The man is incoherent, lacking normal clarity or intelligibility in speech or thought 

Okay, I admit I have always had a difficult time following what he was saying, possibly because I was trying to get to the basis of his reasoning, his thought processes in formulating what he was saying – trying to say. Maybe. This recording was so jumbled, rambling, and unconnected, that at the end of his spiel, I had no idea what point, if any, he was trying to make. His followers cheered.

On another channel, Uncle Joe was holding forth on his good deeds, but his delivery has become so fast that the mumbled words cling together as in fright that someone will know what he is talking about. State secrets are safe with him. They were likely safe at Mar-a-Lago too, as they were likely incoherent to the Donald.

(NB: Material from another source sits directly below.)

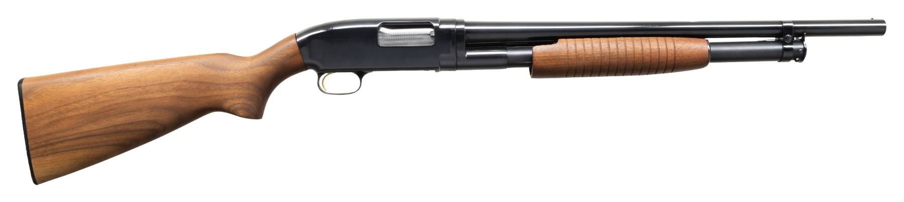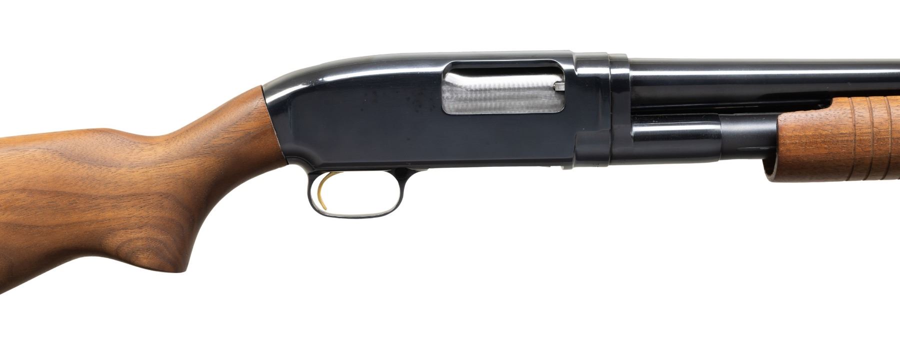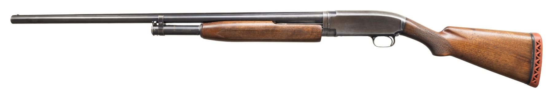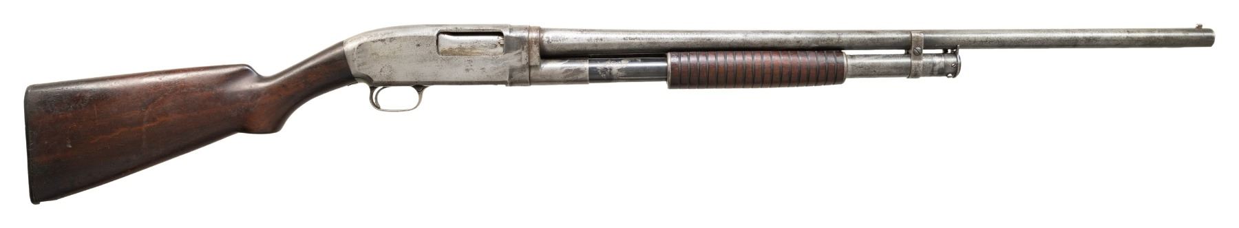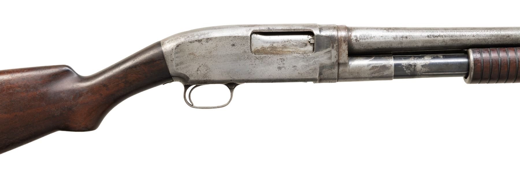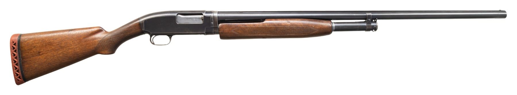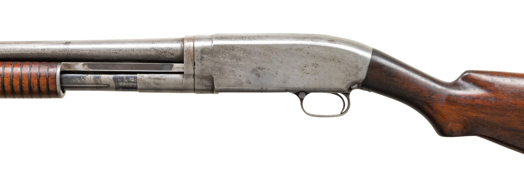 SHOTGUNS. 1) Cal. 12 GA. S# 117605. Bbl. 30". Model 12 pump action shotgun mfg. by Winchester in 1916. Left side of the bbl. is marked with the Winchester trademark logo, followed by the model and cal. designations, as well as a "FULL" choke marking, with Winchester mfg. and patent information marked on the right. Metal components exhibit a blue finish overall, save for on the bolt and carrier, which are polished in-the-white. Checkered wood forearm and checkered wood pistol grip buttstock with black synthetic spacer and Hawkins ventilated red rubber recoil pad. Solid matte rib. Natural white mid-bead. Bead front sight has broken off of its base and is absent. Matching numbers are present on the receiver and receiver extension. CONDITION: metal components retain fair to good amounts of their original factory blue finish, exhibiting wear and thinning fading to gray patina (predominately on the left and underside of the receiver, as well as on the bbl. extension), scattered superficial marks and scratches, as well as scattered spots and patches of light surface oxidation and pitting. Bright bore, exhibiting a few patches of light to mild pitting, as well as some hardened firing residue. Action does not function and requires gunsmith attention, with action slide cam appearing to catch on the bolt, resulting in the action freezing up. Wood furniture shows scattered marks and impressions from handling and storage, with the checkering on the forearm exhibiting smoothing. Right side of forearm exhibits a crack stemming from the rear, with 2 cracks present on the buttstock on the underside of the wrist, stemming from the trigger guard tang. (25-5351/MLW). 2) Cal. 12 GA, 2 3/4". S# 1685885. Bbl. 20 3/4". Model 12 pump action shotgun mfg. by Winchester in 1958. Left side of the bbl. is marked with the model and cal. designations above a "CYL" choke marking. Metal components exhibit a high polish reapplied blue finish finish overall, with the mag. tube exhibiting a dull reapplied blue finish. Bolt and carrier are polished and jeweled in-the-white. Trigger exhibits an apparent gold plated finish. Contemporary aftermarket grooved wood forearm and plain wood pistol grip buttstock with checkered black synthetic Winchester buttplate. Shortened bbl. is fitted with an aluminum bead front sight. Matching numbers are present on the receiver and receiver extension. CONDITION: metal components retain nearly all of their reapplied blue finish, exhibiting some scattered superficial handling marks, with scattered spots of light to mild pitting present beneath the bluing. Firing pin trips prior to the bolt fully locking closed and requires gunsmith attention to fire safely. Wood furniture is very good overall, save for a crack on the left side of wrist, stemming from the receiver. Buttplate shows scattered chips and a crack at the toe. (25-5470/MLW). 3) Cal. 12 GA. S# 238252. Bbl. 28". Model 12 pump action shotgun mfg. by Winchester in 1920. Left side of the bbl. is marked with the model and cal. designations, followed by a "FULL" choke marking, with Winchester's 2-line mfg. and patent information marked on the right. Sanded and refinished grooved wood pump and pistol grip buttstock with checkered brown hard rubber Winchester buttplate. Aftermarket bead front sight (bead broken off from base). Matching numbers are present on the receiver and receiver extension. CONDITION: metal components have been cleaned, exhibiting a gray patina, with scattered areas of light pitting and patches of mild pitting. Bore is bright, exhibiting scattered patches of light to mild surface oxidation. Proper manual mechanics. Wood furniture shows scattered marks and impressions from handling and storage, with the buttstock exhibiting a crack on either side of the wrist, stemming from the receiver, as well as a chip at the toe. Buttplate exhibits a large chip at the toe, with a crack stemming from the upper screw slot. (25-5472/MLW). ALL CURIO. $800-1,200.

We ought to be concerned that one of these two may become the spokesperson for a leading country of the free world. However, we should be just as concerned about the coherency of our own leaders. One of our potential leaders keeps yelling, at every opportunity, to ‘axe the tax’. 

Those are very simple words, but do we understand exactly what the implications are of following that dictum? Does he? So far, Pete has been unwilling to expand the explanation in coherent words. In either language.

Further demonstrating a lack of coherent communication within the PMO, Telford (she should have left after SNC-Lavalin too) said the head fellow at CSIS gave her an incoherent briefing on foreign interference. After a period of cooling down, he replied, very politely, that she was full of that stuff we spread on our flower beds this time of year. These are two of our important civil servants and they cannot understand each other?

Maybe I am being too hard on Ms Telford, after all, she does work in an environment that is full of bull roar, misinformation, false promises, insults, prevarications, and downright lies. Take for instance, the Deputy Prime Minister of our Home on Native Land calling out the leader of the loyal opposition for wearing more makeup than she does. What the hey was that? There goes her chance of ever becoming PM. Now, I admit I could understand the context of her clearly enunciated rant, but did it make any sense? No.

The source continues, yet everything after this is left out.